-------- Data shown
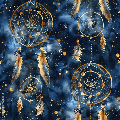 Dreamcatchers and starlight, cosmic boho watercolor, seamless pattern, shimmering golds on navy, celestial dreams. Seamless Pattern, Fabric Pattern, Tumbler Wrap, Mug Wrap.
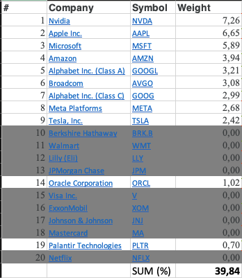 But that’s for the top twenty companies, a group that also includes more traditional conglomerates like Warren Buffett’s Berkshire Hathaway or Johnson & Johnson. We therefore decided to tweak this 20‑stock group: starting with the Magnificent 7 and then extending it to include a few other AI‑related and likely overvalued names, while excluding more “boring” blue chips such as Berkshire or Visa. The final group looks as follows:
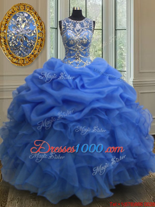 Elegant Ball Gowns Scoop Sleeveless Organza Floor Length Lace Up Beading and Ruffles and Pick Ups Sweet 16 Dress
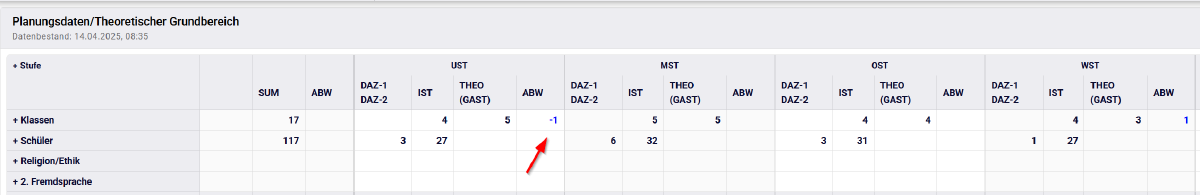 In der Stufe UST sind mit 27 Schülern fünf Klassen zulässig. Die Abweichung beträgt -1, d.h. in der Stufe wurden von der Schule vier Klassen statt fünf gebildet und damit eine Abweichung -1 erzeugt. Dies gleicht sich dann aber mit der Abweichung von +1 in der Stufe WST wieder aus.
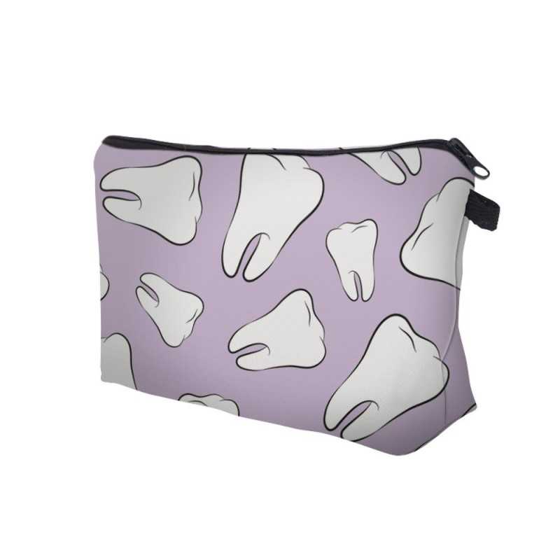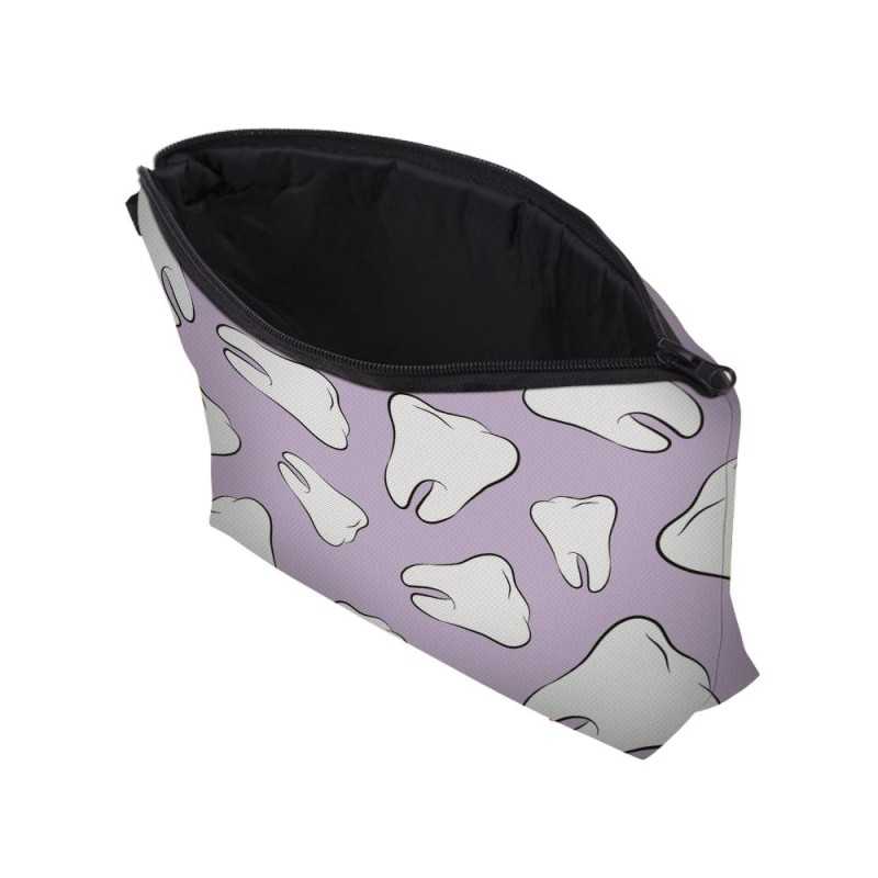 Lila make-up tasje met grappige tandenprint. Ideaal voor make-up, penselen of tooth gem accessoires.
----------------
#### [Requirement]
Skipping every picture, reproduce the records word for word.

#### [Output for this task]
 Dreamcatchers and starlight, cosmic boho watercolor, seamless pattern, shimmering golds on navy, celestial dreams. Seamless Pattern, Fabric Pattern, Tumbler Wrap, Mug Wrap.
 But that’s for the top twenty companies, a group that also includes more traditional conglomerates like Warren Buffett’s Berkshire Hathaway or Johnson & Johnson. We therefore decided to tweak this 20‑stock group: starting with the Magnificent 7 and then extending it to include a few other AI‑related and likely overvalued names, while excluding more “boring” blue chips such as Berkshire or Visa. The final group looks as follows:
 Elegant Ball Gowns Scoop Sleeveless Organza Floor Length Lace Up Beading and Ruffles and Pick Ups Sweet 16 Dress
 In der Stufe UST sind mit 27 Schülern fünf Klassen zulässig. Die Abweichung beträgt -1, d.h. in der Stufe wurden von der Schule vier Klassen statt fünf gebildet und damit eine Abweichung -1 erzeugt. Dies gleicht sich dann aber mit der Abweichung von +1 in der Stufe WST wieder aus.
 Lila make-up tasje met grappige tandenprint. Ideaal voor make-up, penselen of tooth gem accessoires.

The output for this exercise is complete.